◆ **Exercise data**:
****************

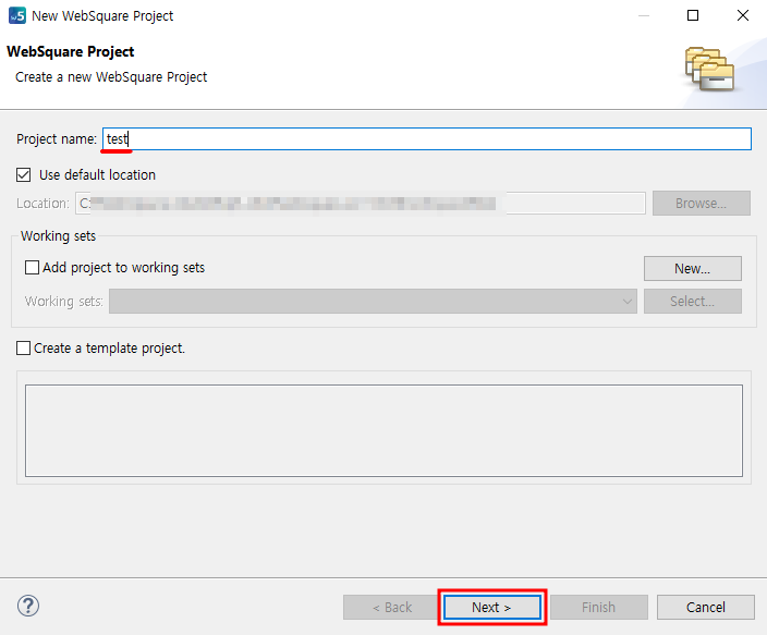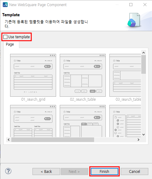 ③ Use template 체크박스를 체크하여 템플릿을 선택한 후 Finish를 해도 되고 바로 Finish를 해도 됨
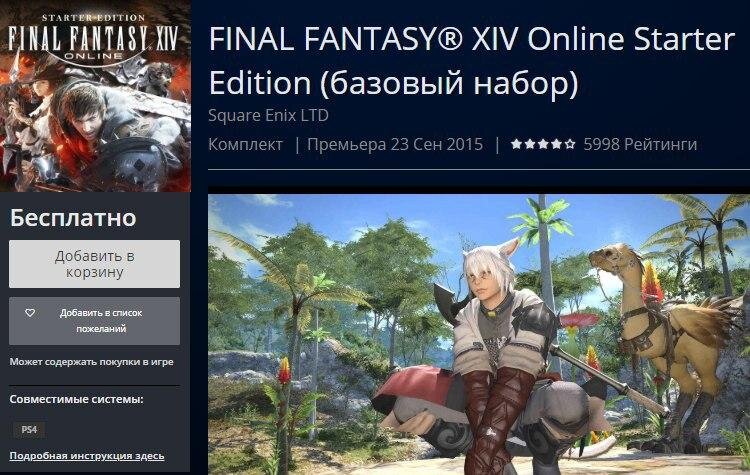 Бесплатно получаем игру FINAL FANTASY® XIV Online Starter Edition на Playstation
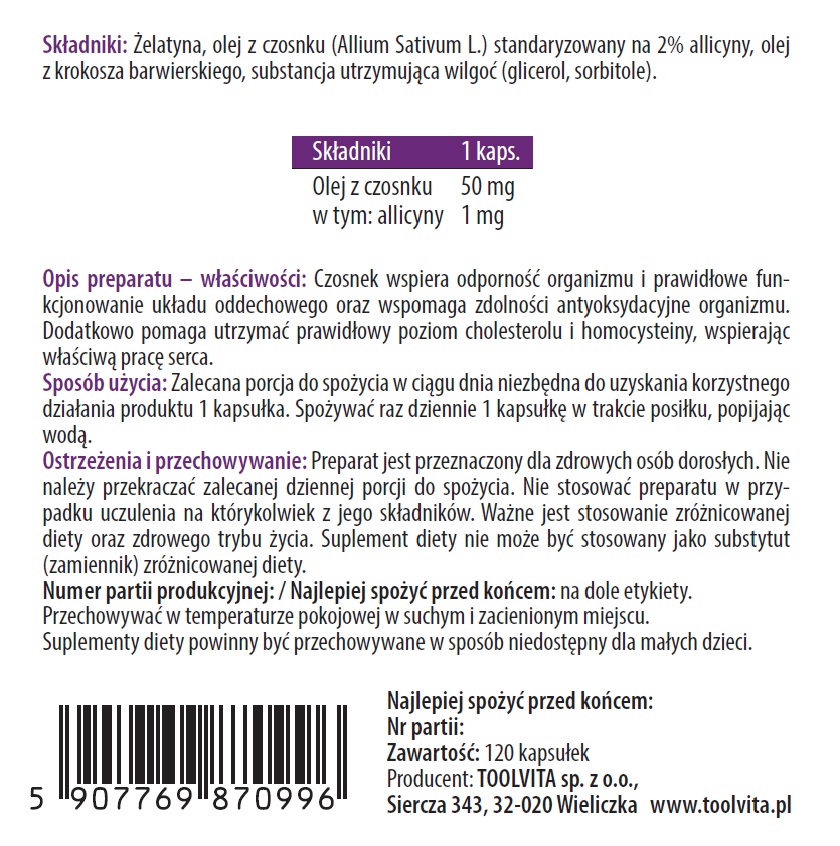 Składnik aktywny (w 1 kapsułce) Olej z czosnku (50 mg)
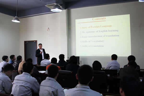 本屆英語(yǔ)培訓學(xué)習班邀請山東科技大學(xué)王成龍副教授擔任講師,共有36名員工參加培訓。培訓結合海西重機產(chǎn)品結構調整實(shí)際,內容涵蓋港口起重機械與海工平臺等兩大方面的系統專(zhuān)業(yè)知識,整個(gè)培訓將歷時(shí)6個(gè)月,分兩個(gè)學(xué)期進(jìn)行,培訓中期設置期中測評,培訓結束后還將組織進(jìn)行“聽(tīng)、說(shuō)、讀、寫(xiě)”綜合考核,確保培訓學(xué)習效果。

****************

◆ **What you need to do**:
Your copy should hold only the lines from the one containing "Składnik aktywny (w" through the last line of the listing, both included, retyped exactly and free of pictures.

◆ **Task output**:
 Składnik aktywny (w 1 kapsułce) Olej z czosnku (50 mg)
 本屆英語(yǔ)培訓學(xué)習班邀請山東科技大學(xué)王成龍副教授擔任講師,共有36名員工參加培訓。培訓結合海西重機產(chǎn)品結構調整實(shí)際,內容涵蓋港口起重機械與海工平臺等兩大方面的系統專(zhuān)業(yè)知識,整個(gè)培訓將歷時(shí)6個(gè)月,分兩個(gè)學(xué)期進(jìn)行,培訓中期設置期中測評,培訓結束后還將組織進(jìn)行“聽(tīng)、說(shuō)、讀、寫(xiě)”綜合考核,確保培訓學(xué)習效果。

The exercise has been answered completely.